Изменить размер шрифта - +

Гоша молча протянул мне ключи, и я помчалась к даче. Сквозь выжаренный солнцем бор, упругий неподвижный воздух и время. Которого осталось так мало.

Ирина Андреевна Понятовская практиковала лечение нервов классической музыкой. В ее спальне стоял музыкальный центр и коробка, полная симфоний, фуг и дивертисментов.

Но найду ли я там канкан Оффенбаха? Вопрос, подстегивающий в спину.

Запутавшись в замках и ключах, у двери я провозилась довольно долго. Руки тряслись от нетерпения, волосы противно облепили влажный лоб и щекотали шею. Я так спешила, что вредила сама себе.

В крохотной хозяйской спальне в мансарде было нечем дышать, и прежде чем высыпать из коробки диски, я распахнула балконную дверь. И под надувшимися пузырями шторами села на пол, разбирать запасы лечебной музыки.

Дисков было много. Глаза перескакивали с одной обложки на другую, путались в названиях и громких именах, но, когда остановились на строчке «Канкан. Оффенбах», я им не поверила и перечитала дважды.

Есть.

Пренебрегая условностями и забыв о приличиях, я обшарила дачу, нашла удлинитель и перетащила музыкальный центр на балкон мансарды.

Спустя минуту над сонным от жары поселком гремел, пугая, Оффенбах.

В сумасшедшей радости я выбежала во двор и начала плясать.
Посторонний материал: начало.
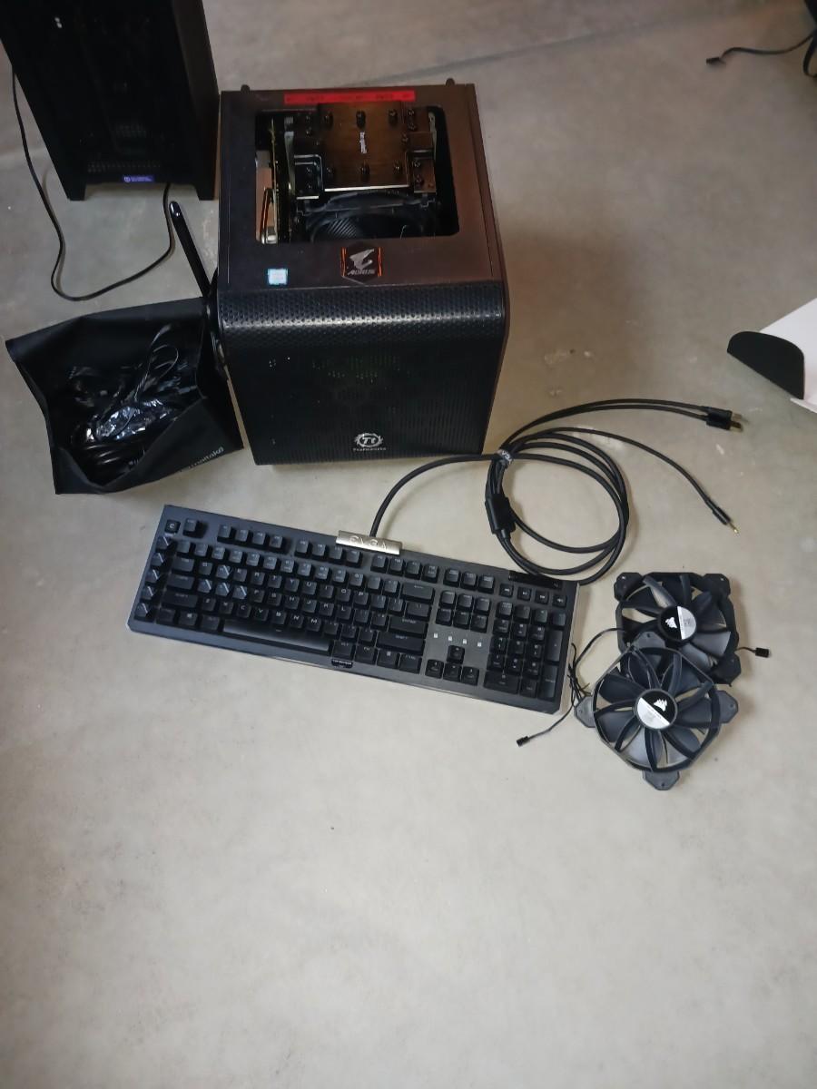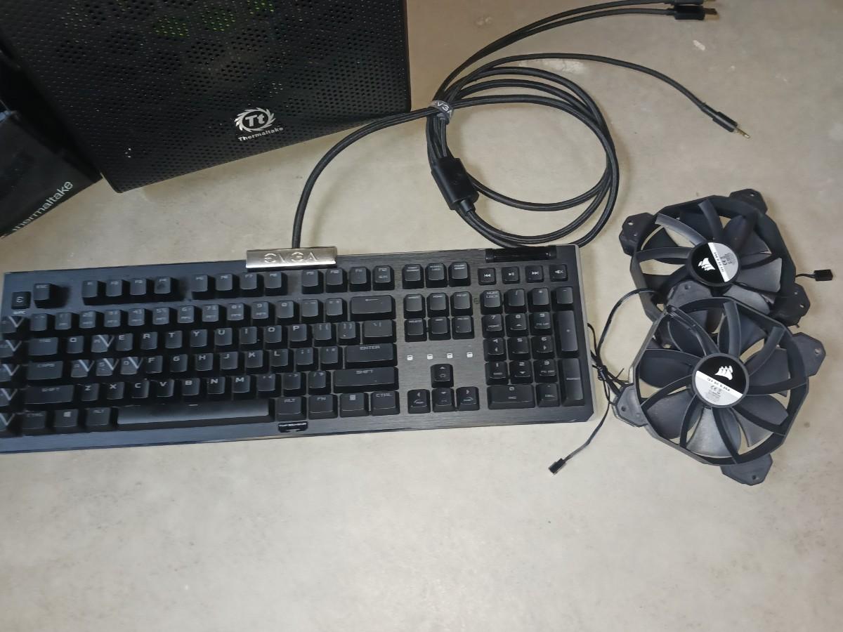THERMALTTAKE TOWER, KEYBOARD, PC CORDS, FANS

Подкидывая ноги и задирая юбку, сверкала тощими коленками и с криком: «Вот вам, вот вам!» — пинала воздух. Он был враждебен и непобедим еще недавно, теперь он пах «Фоли-Бержер», искрился радостью «Мулен-Руж» и приглашал на праздник острой мысли.
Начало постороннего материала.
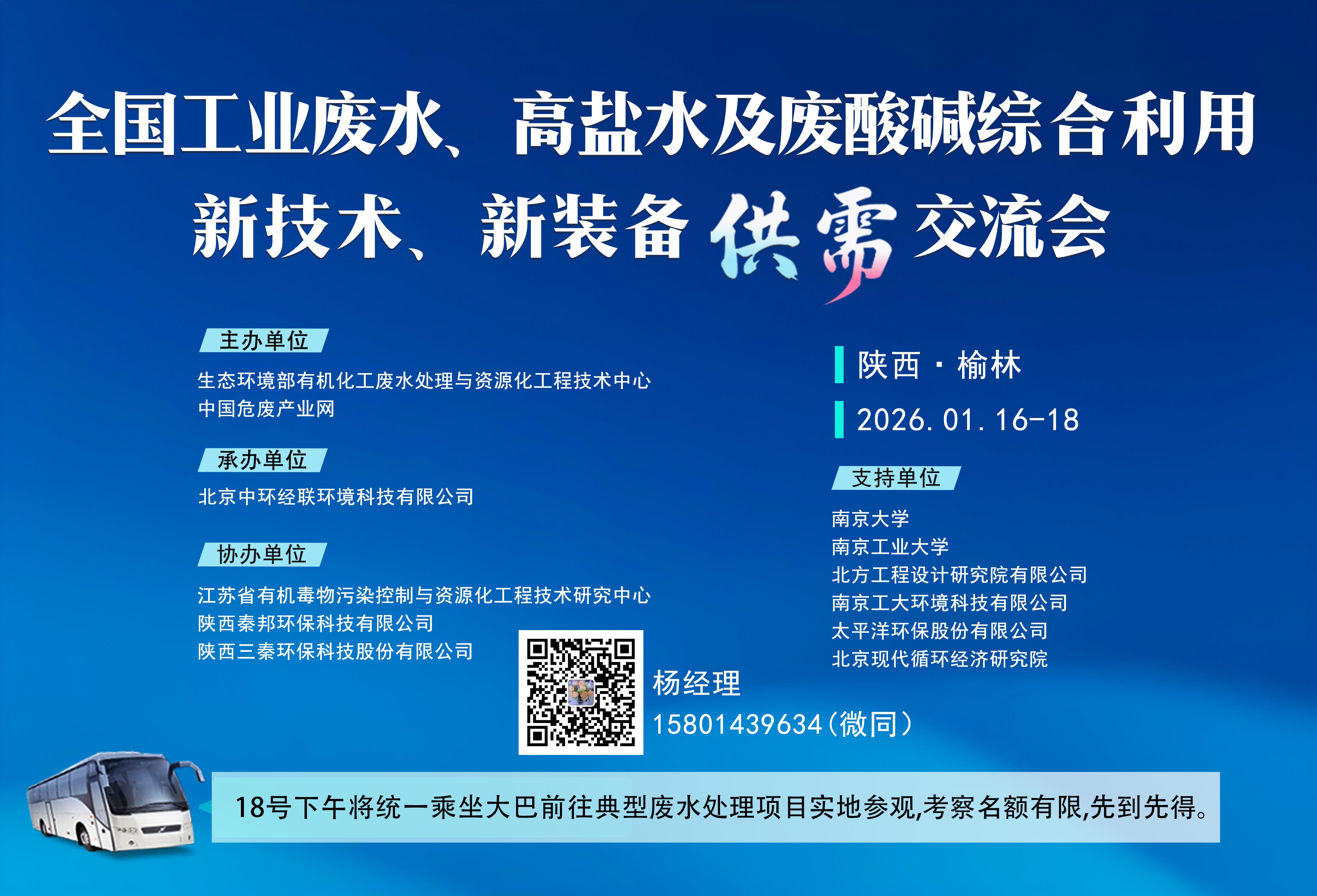 • 【1月·榆林】工業廢水、高鹽水及廢酸堿綜合利用新技術、新裝備供需交流會 重磅來襲!

— Впечатляет, — сквозь шестой повтор канкана донесся голос.

Облокотившись на пристенок и скрестив руки на груди, стоял мой Гоша и любовался кукукнутой Надеждой. Любимый оставил гостей на берегу и пошел справиться о моем здоровье.

С визгом и разбегом я повисла у него на шее.

— Гошик, миленький, я молодец! Канкан — сигнал для Фоминой, что к нам нельзя.

— Почему? — удивился Понятовский.

— Нельзя, и все, — отрезала я. — Предчувствие.

— Может быть, объяснишь? — Гоша настаивал и морщился от громкой музыки над нашими головами.

— Нет. Не спрашивай, Все женские причуды.

Игорь Понятовский мил и послушен, как нежная мечта. Не догадываясь о смысле рисунка у лифта, моих тревогах и подозрениях, он всего лишь попросил убавить басы в центре и пошел укладывать дрова в мангал.

Спустя сорок минут вместе с первой прохладой от реки потянулись друзья. Переговариваясь и играя, они распределились согласно привычному расписанию: девушки, стремительно приведя себя в порядок, к столу; парни к яркому огню жаровни.

И если бы не отсутствие племянника дяди-грузина, все было бы как обычно. Под чутким руководством Митрофана мужчины насадили бы мясо на шампуры, угли прогорели грамотно, и приготовление шашлыка прошло бы под первые стопки: «За поваров!»

— Где Оболенский?! — Вопрос звучал как SS. Неопытный повар Гоша хмуро покосился на Лину и ответил:

— Не хотели вас расстраивать… Митрофан в больнице. Перитонит.

— Плохо дело? — испуганно спросила Соня.

— Да. В реанимации, без сознания.

— Ого, — пробормотал Солецкий и неловко тряхнул бубен.

Он зазвенел, Антоша испуганно прижал инструмент к животу, и начались проблемы.

Оказывается, местоположение шампуров знали лишь родители Гоши и отсутствующий Оболенский. Смущенный Гоша заглянул во все углы, сухие дрова стремительно прогорали, и горе-кашевар помчался в дом, звонить родителям.

Вернулся Гоша с искомыми железяками, но с лицом, обескураженным еще больше.

Вручив парням шампуры, он отвел меня в сторону и прошептал:

— Мама сказала, что на мое имя пришла посылка из Санкт-Петербурга.